Court rejects plea of casino vendor
Thursday, April 18, 2002 | 11:08 a.m.
CARSON CITY -- In a 4-3 decision, the Nevada Supreme Court on Tuesday refused to grant another exemption to the rule that civil suits must be brought to trial within five years or they will be dismissed.
The court rejected the appeal of David Morgan, who sued the Sands Hotel and Casino in Las Vegas in April 1994, claiming he was owed money for supplying roadside billboard advertisement for the resort.
The case was assigned to mandatory arbitration that took one year. The arbitrator recommended a settlement of $11,200 plus interest and attorney fees for Morgan.
The Sands demanded a trial instead, and the case languished until a trial was set for January 2000, or eight months past the mandatory five-year deadline.
District Judge Gene Porter dismissed the case on grounds it had not been brought to trial within the time limit. Morgan, in his appeal, said the time the case was in mandatory arbitration should extend the five-year limitation.
The court, in the majority opinion written by Justice Deborah Agosti, said it has recognized only two exceptions in the past to the five-year rule -- a medical malpractice case that is pending before a medical screening panel and a court-ordered stay by a district judge.

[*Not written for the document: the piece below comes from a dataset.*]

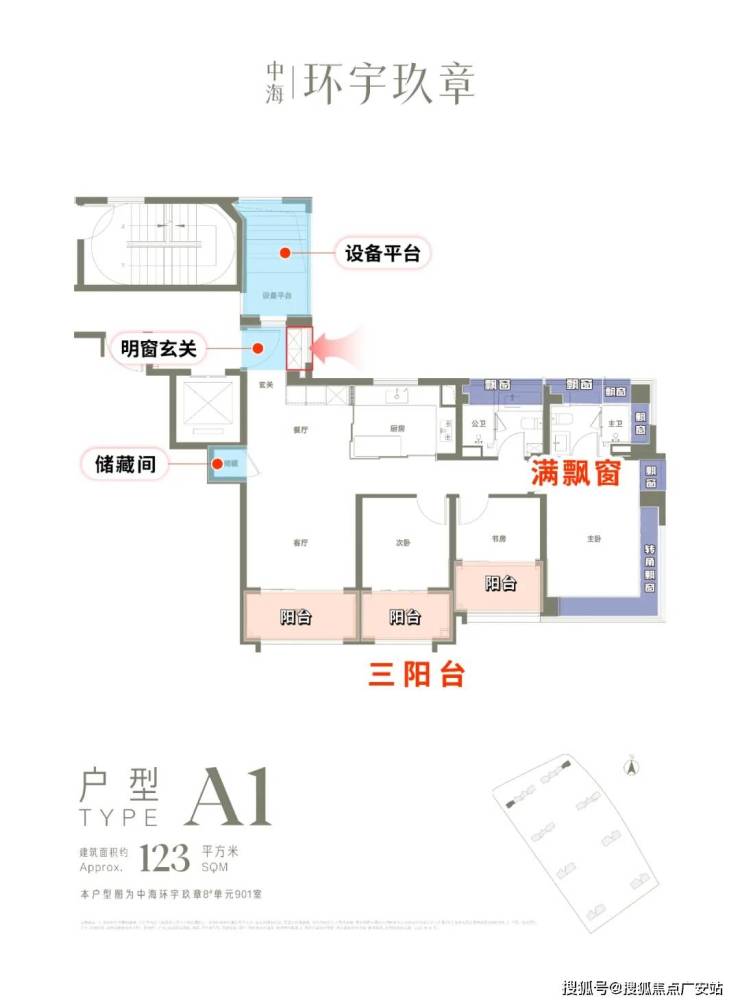 以建面约123㎡3房为例,区别市面上多数仅单或双阳台布局,该户型四面宽朝南+罕见的南向三阳台,实用性和采光度更强。

Agosti said that after the Sands requested a trial, Morgan made no effort in the following 2 1/2 years to bring the case to trial. The majority opinion said the burden was still on Morgan to get the trial started, not the Sands, though it requested the trial.

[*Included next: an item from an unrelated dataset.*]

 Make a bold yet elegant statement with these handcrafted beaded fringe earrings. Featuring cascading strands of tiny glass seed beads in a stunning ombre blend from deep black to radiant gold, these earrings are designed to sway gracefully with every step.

The court also rejected Morgan's claim that he should be entitled to the arbitrator's finding of $11,200 plus interest and attorney fees. It said once a request for a trial is filed, it supersedes the arbitration award.
Justice Myron Leavitt, who wrote the dissent, said once the case is referred to mandatory arbitration, there is nothing that can be done until the process is ended.
"A plaintiff is bound by the five-year limitation period, yet can do nothing to expedite the case while it is still in the court-annexed arbitration program," Leavitt wrote. The time for arbitration should be added on to the five-year period to avoid "the harsh result" of having the case dismissed, he said.
Joining Leavitt in the dissent were Chief Justice Bill Maupin and Justice Bob Rose. Those in the majority were Agosti, Justices Miriam Shearing and Nancy Becker and District Judge Peter Breen of Reno, who sat in place of Justice Cliff Young.